Lawrence LeShan, PhD

Lawrence LeShan, PhD
“The Father of Mind-Body Therapy”
www.cancerasaturningpoint.org
E-mail to Dr. LeShan's associate, Ruth Bolletino: rbolletino@aol.com
Phone: (212) 496-9136

In Chinese, there is no word for crisis; the word that comes closest
consists of two symbols. One for danger; the other for opportunity.

 

"Getting cancer can become the beginning of living. The search for one's own being, the discovery of the life one needs to live, can be one of the strongest weapons against disease." Lawrence LeShan

Dr. Lawrence LeShan’s therapeutic methods have achieved extraordinary results with advanced cancer patients—irrespective of whatever physical healing choices they made. Over the past thirty years that he has been practicing his unique form of psychotherapy, approximately half of his cancer patients with poor prognoses have experienced long term remission and many are still alive. That is a powerful statement you may want to read again! Nearly all dramatically improved their emotional state and quality of life. Every cancer patient who wants to maximize his or her odds for survival should at least consider how LeShan’s approach might be incorporated into the conventional, complementary or alternative physical healing path they have chosen.

Dr. Lawrence LeShan has worked with cancer patients for over fifty years now and is referred to as “the father of mind-body therapy” by many in the field. He has been a research and clinical psychologist and is the author of more than a dozen books, including three excellent choices for cancer patients: Cancer As A Turning Point: A Handbook for Cancer Patients, Their Families and Health Professionals, You Can Fight For Your Life: Emotional Factors in the Treatment of Cancer, and How to Meditate: A Guide to Self-Discovery.”

Cancer as a Turning Point uses patient stories to show how to mobilize the cancer patient's self-healing abilities and to use them to augment whatever physical healing program the patient has chosen. The book comes out of a thirty-five year research project involving several thousand people with cancer. It is designed to teach cancer patients and their families, friends, physicians, clergymen, and psychotherapists how to use psychological change to help heal and strengthen the patient's compromised immune system.

In the beginning of his career, when he first began working with cancer patients, LeShan utilized the classic psychotherapeutic approach he was trained in, where the model was to uncover what was wrong with the patient and then determine what could be done about it. Was there something dark and hidden within the patient’s psyche? Could it be brought to light and either cured or compensated for?

This traditional analytic approach can have very positive effects with many types of mental, emotional and behavioral issues, but LeShan maintains that it did not prove helpful in mobilizing the immune system—something cancer patients must immediately accomplish if they are to survive.

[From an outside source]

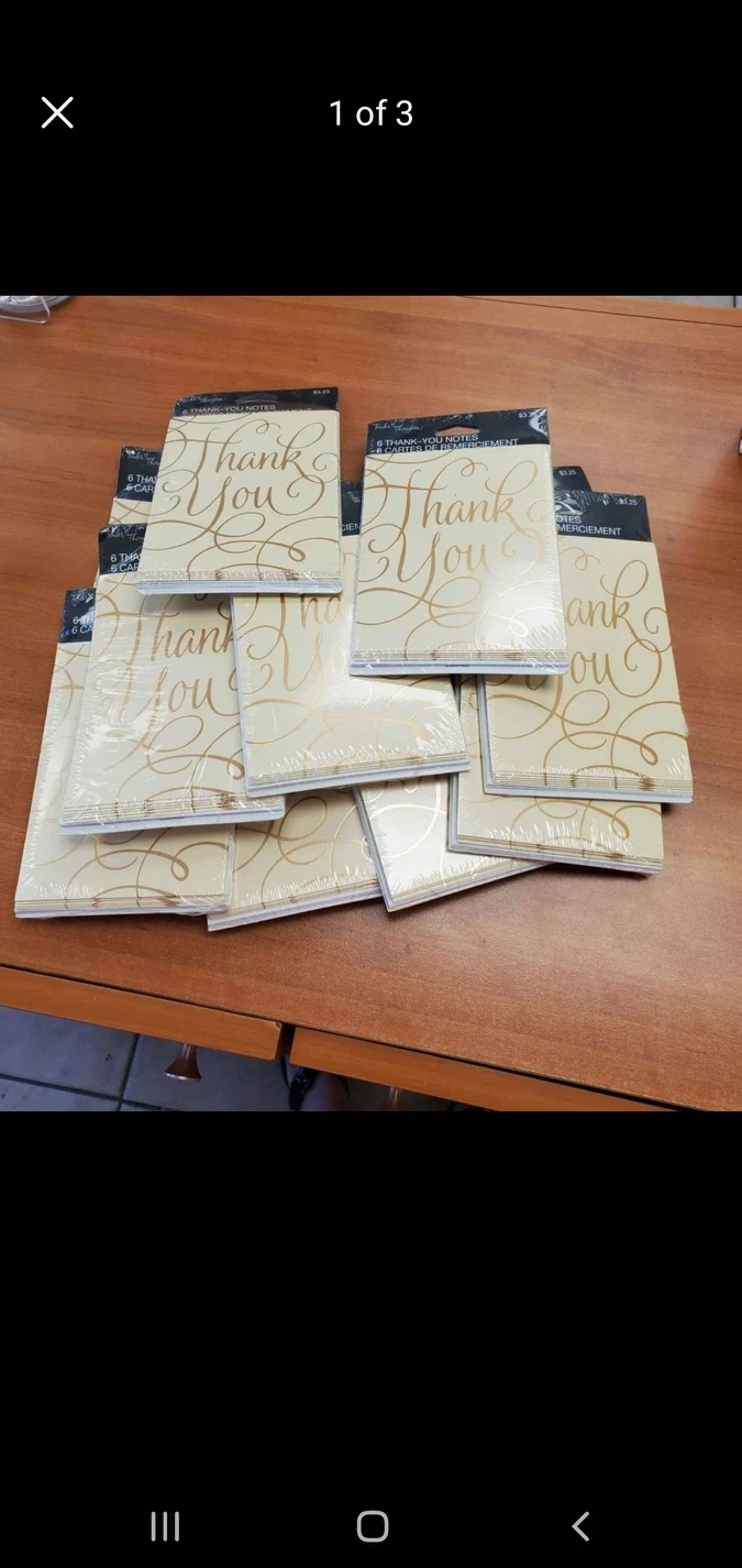 New still in packages. Thank you cards. Great for all occasions ( weddings, baptism, communion ect) I have 13 packs left. Each contain 6 cards with envelopes. They are blank inside. $10.00 for all 13 packs.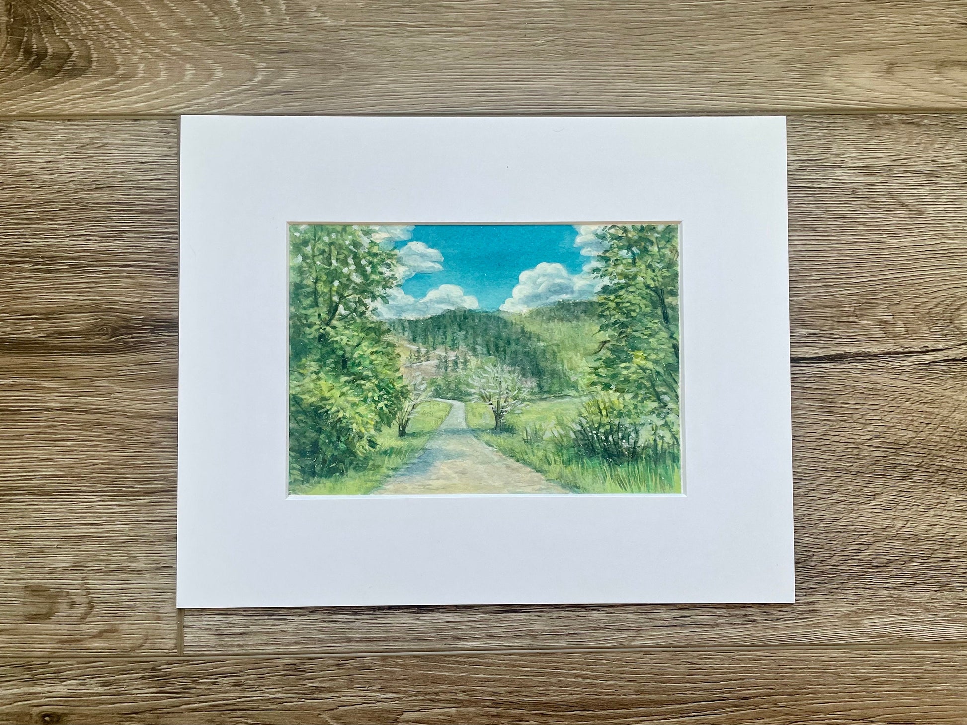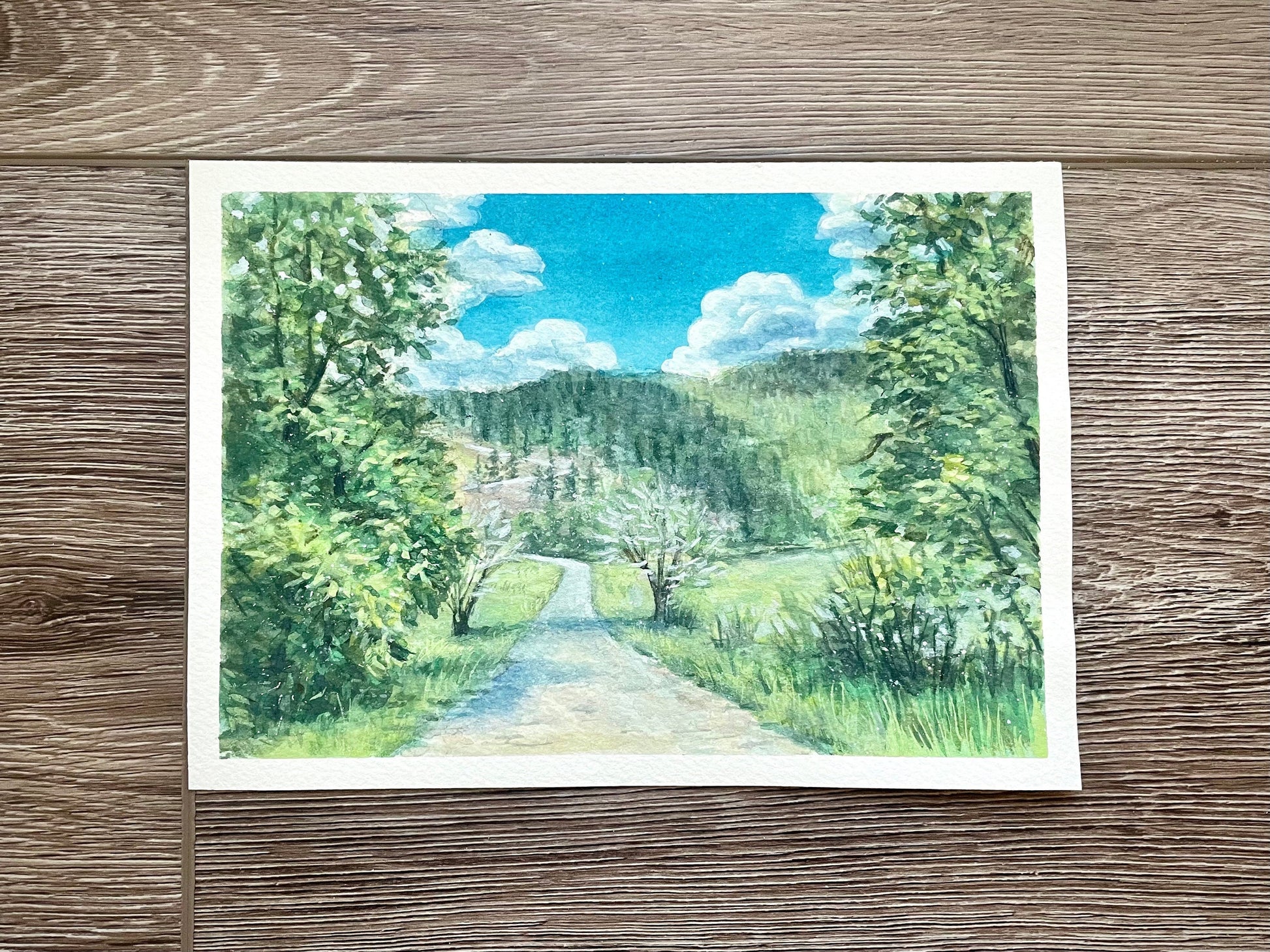 Landscape original artwork scenery of forest and mountain hill with watercolor and gouache hand painted by artist

During the time he used this classical approach, almost none of his cancer patients survived their diagnosis longer that what had been predicted.

LeShan then began to shift his treatment method and his questions. He began to ask “What’s right with this person? What ways of being with themselves, with others and with the world will lead them to the greatest enthusiasm and satisfaction in their lives? What would provide a solid reason for being, the kind of meaning and purpose that makes us glad to get out of bed in the morning and glad to go to bed at night—the kind of life that makes us look forward zestfully to each day and to the future.

And having determined that together, he reasoned that he and his patient could begin to move toward embracing that way of being and creating that life. In effect, the definition of psychotherapy has been changed from removing the patient’s pain and reducing symptoms—to helping each patient find their own special “music” that will lead them to the “song” they came to sing in this lifetime. LeShan found that this process could be exhilarating for some and downright terrifying for others, but always beneficial in the end.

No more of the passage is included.